I'm not sure we need to check for (blk != NULL) here. blk should always be non-NULL.

If you are concerned blk will be NULL we probably need to add a KASSERT.

netinet/tcp_subr.c
351

Well it probably should be a write lock.. I will change.

Build universe as also found a few problems.. will update.

401

sure.

617

Because I am paranoid :-)

netinet/tcp_syncache.c
823

ok

rrs edited edge metadata.

This updates for the latest comments and adds back the missing
user program that I inadvertently took out of the diff (by not
diffing in the right place :-D)

  • I still wonder why we need a new user-space program, when you could use sysctls to do the same thing.
  • I still wonder about the convention for naming structure members (see previous comment; e.g. tfs_pcbcnt vs. pcbcnt).
sys/netinet/tcp_subr.c
347 ↗(On Diff #10127)

I think we need a check for TCP_FUNC_BEING_REMOVED here. I thought it was there in a previous rev. Maybe I'm wrong.

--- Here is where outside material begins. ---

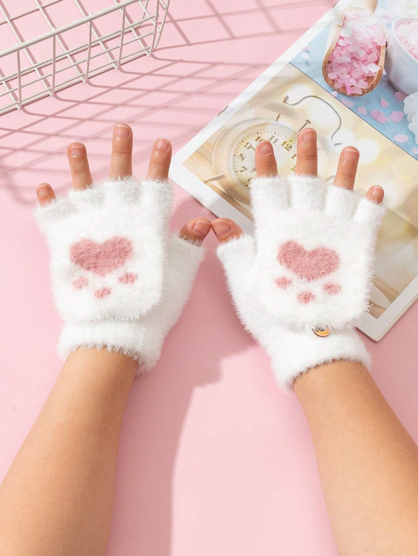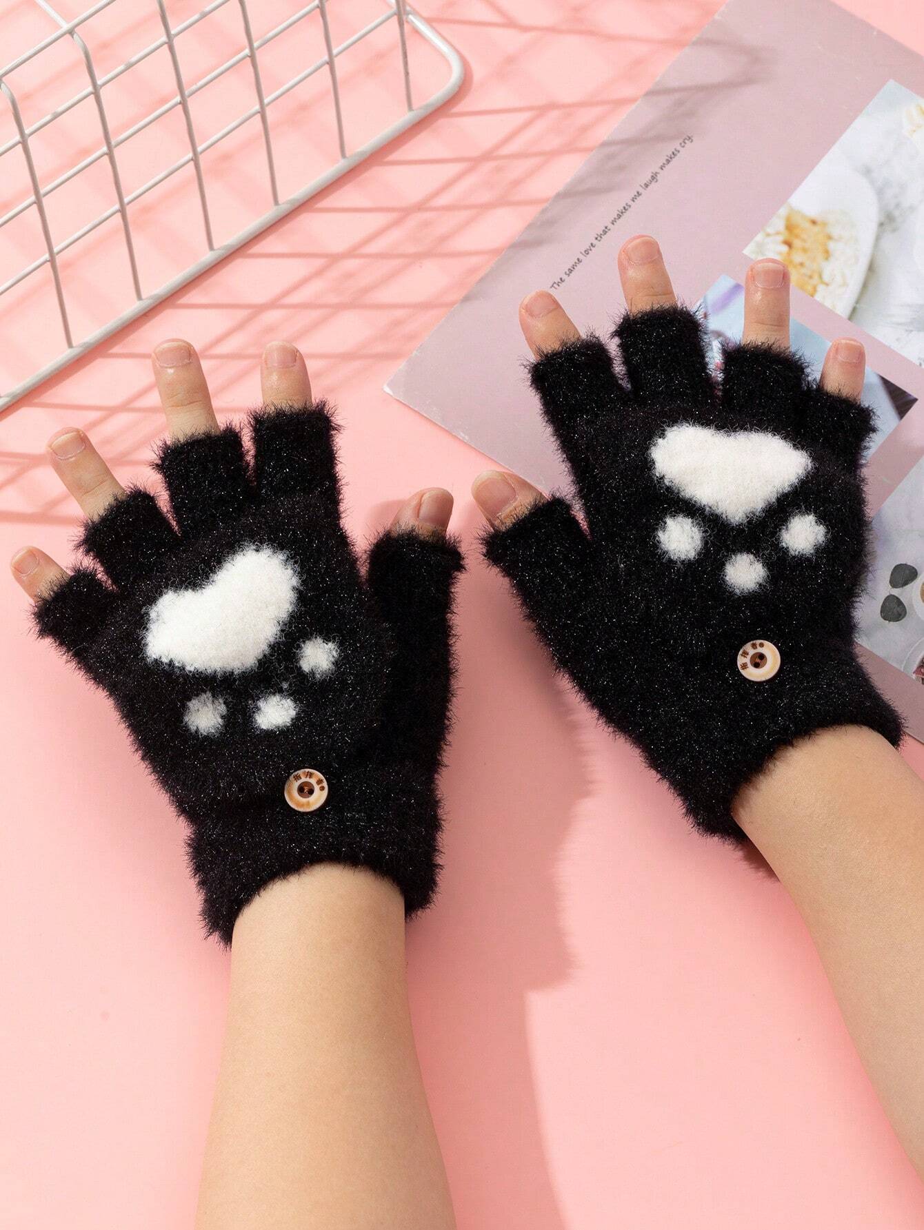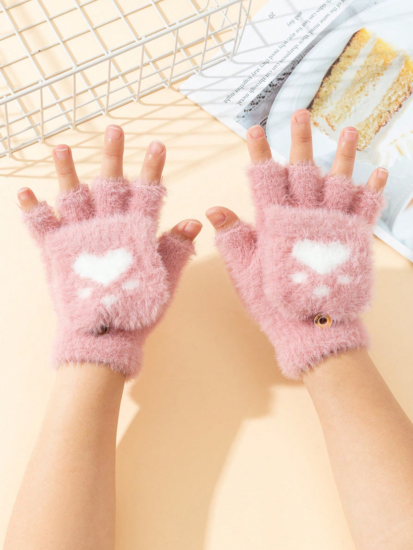 مناسب للأعمار من 3 إلى 12 عامًا زوج واحد من قفازات نصف الإصبع القطيفة للأطفال للجنسين بنمط قلب ومخلب قطة للدفء والحماية، مثالية للاستخدام في الهواء الطلق في الخريف/الشتاء

usr.sbin/tcp_function_ctrl/tcp_function_ctrl.c
60 ↗(On Diff #10127)

"Error retrieving list size"? (Also, this isn't a list of "default functions".)

93 ↗(On Diff #10127)

name must be non-NULL at this point.

I still wonder why we need a new user-space program, when you could use sysctls to do the same thing.

  • Well if you look at an email Hiren asked me .. how do I tell the number of pcb's that are there attached to it? The -l option does that for you.. the rest is just fluff... I am pretty set on having a user space function at this point, it also allows us to add more things in the future. So stop wondering and go with the flow :-)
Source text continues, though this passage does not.